Jak wyrzucić z głowy złe myśli ? Często jest tak, że ktoś mnie zdenerwuje i wpadam w gniew lub po prostu źle myślę o kimś. Jak wiadomo tam gdzie pojawia się gniew i zawiść, powstają również wszystkie późniejsze grzechy. Anonim

Najbardziej skutecznym sposobem jest oczywiście modlitwa, a w szczególności Modlitwa Jezusowa: „Panie Jezu Chryste, zmiłuj się nade mną”. Jednakże modlitwa to olbrzymi wysiłek duchowy i nie zawsze, nawet jeśli wypowiadamy jej słowa, podążamy za nią myślą ku Chrystusowi. W modlitwie potrzeba wiele uwagi i koncentracji na Bogu, a nie na sobie. Dlatego jeśli koncentrujemy się w modlitwie tylko na sobie, w centrum stoją nasze potrzeby, np. pokonanie „złych myśli”, a nie Bóg, nic z tego nie będzie.

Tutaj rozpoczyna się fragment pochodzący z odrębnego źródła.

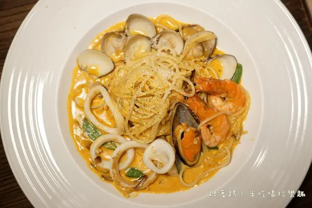 南洋風辣味奶油海鮮義大利麵 330元(套餐), 這是愛吃海鮮的朋友可以試看看, 海鮮的料夠多外也很新鮮, 南洋風的奶油帶小辣口味也引出了海鮮的鮮味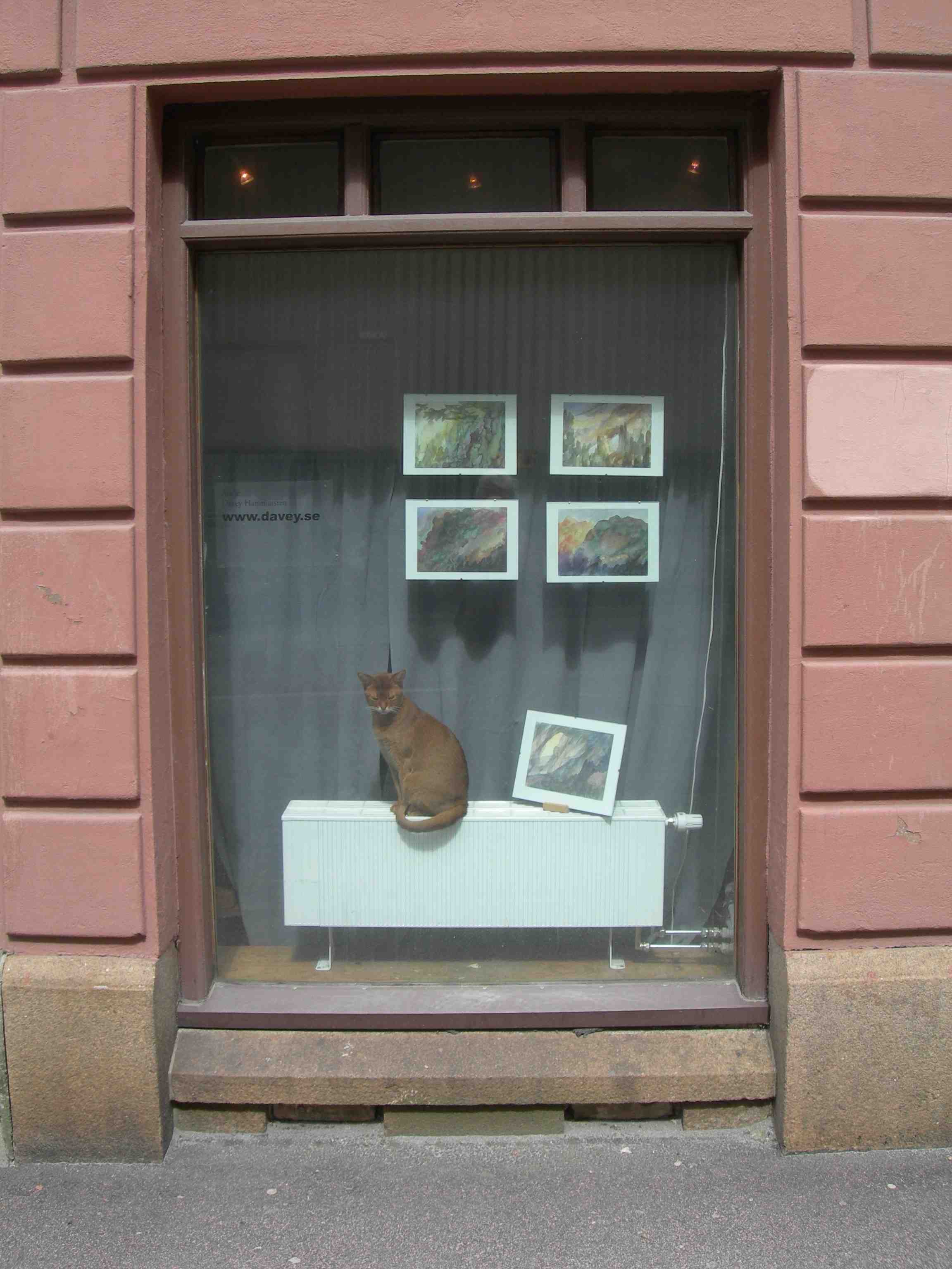 Levande skyltkatt på Surbrunnsgatan. Fredag 24 juni 2011 kl 14.39.

W Pana sytuacji proponowałbym kontakt z doświadczonym duchownym, któremu Pan może zaufać i który pomógłby Panu rozeznać myśli, przeanalizować sytuacje w jakich „wpada Pan w gniew”, lub „źle myśli o ludziach”. Najlepiej, aby była to szczera , duchowa rozmowa lub rozmowy poza spowiedzią. Nic nie jest tak „po prostu”. Z pewnością coś za tym stoi, może Pana przykre przeszłe doświadczenia, trudności, a może kompleksy? Każda zła myśl ma, jeśli można tak powiedzieć, jakąś historię. Reasumując, Pańska sytuacja wymaga duchowego rozeznania.